[Collection entries]

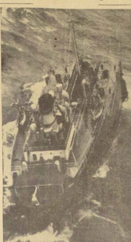
La popa del petrolero americano "Pine Ridge", destrozado por una tormenta el 21 de diciembre recién pasado. Los sobrevivientes pueden verse en la parte de la nave y cinco más en el agua.
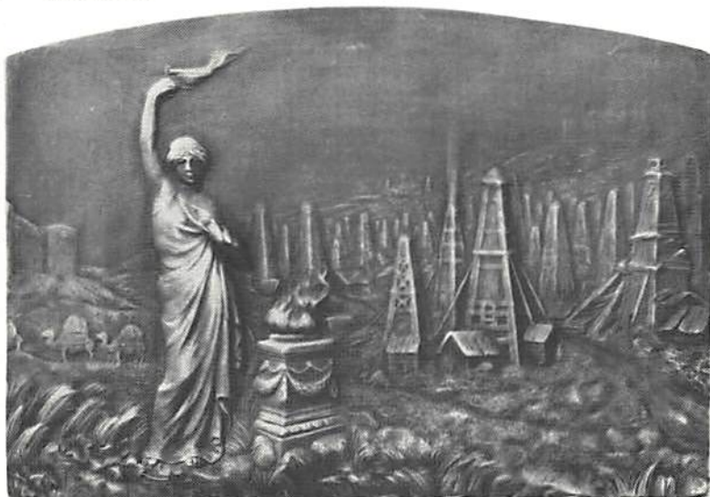
Fig 2 Frånsidan
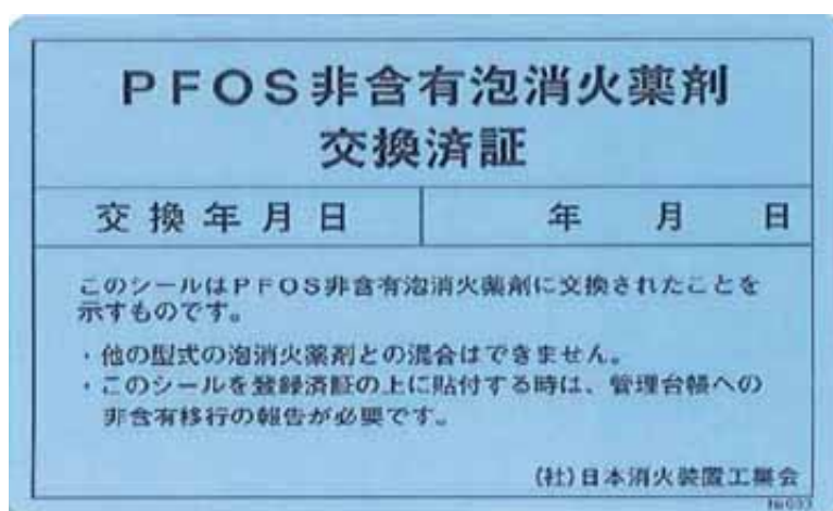
図5. PFOS含有泡消火薬剤交換済証（水色地に黒文字）
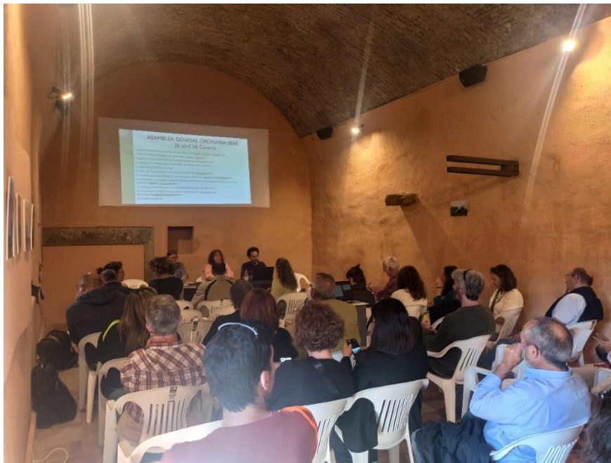
XV Congreso Internacional de Agricultura Ecológica y II Congreso Extremeño de Agroecología en "El Molino" del MVM.
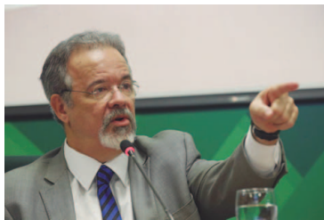
Ministro da Segurança Pública, Raul Jungmann
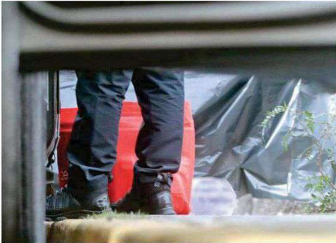
Habitantes se llevaron horrible susto al descubrir que entre hielos se encontraba la cabeza de una persona
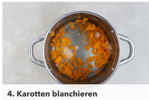
4. Karotten blanchieren

Die Nudeln in das kochende Wasser geben und in 3-5Min. bissfest kochen. In ein Sieb abgießen und kalt abschrecken.
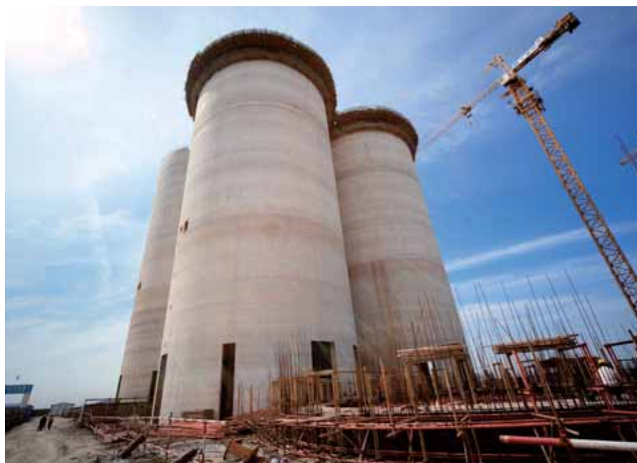
► 擴建中的中糧佳悅(天津)有限公司增加了原料筒倉

面對行業出現較大挑戰，本公司認真研究市場走勢，抓住有利時機，採購遠期所需的原料，有效舒緩成本上升所造成的壓力，並同時審慎地對所購原料和相關產品進行套期保值，這有助管理原料和相關產品價格波動帶來的潛在風險。另外，本公司致力提高管理水平，採取多種有效措施控制生產成本。

[TASK TO CARRY OUT]: What you give back should match the entries above exactly, except that pictures are dropped.

[RESPONSE]:
La popa del petrolero americano "Pine Ridge", destrozado por una tormenta el 21 de diciembre recién pasado. Los sobrevivientes pueden verse en la parte de la nave y cinco más en el agua.
Fig 2 Frånsidan
図5. PFOS含有泡消火薬剤交換済証（水色地に黒文字）
XV Congreso Internacional de Agricultura Ecológica y II Congreso Extremeño de Agroecología en "El Molino" del MVM.
Ministro da Segurança Pública, Raul Jungmann
Habitantes se llevaron horrible susto al descubrir que entre hielos se encontraba la cabeza de una persona
4. Karotten blanchieren

Die Nudeln in das kochende Wasser geben und in 3-5Min. bissfest kochen. In ein Sieb abgießen und kalt abschrecken.
► 擴建中的中糧佳悅(天津)有限公司增加了原料筒倉

面對行業出現較大挑戰，本公司認真研究市場走勢，抓住有利時機，採購遠期所需的原料，有效舒緩成本上升所造成的壓力，並同時審慎地對所購原料和相關產品進行套期保值，這有助管理原料和相關產品價格波動帶來的潛在風險。另外，本公司致力提高管理水平，採取多種有效措施控制生產成本。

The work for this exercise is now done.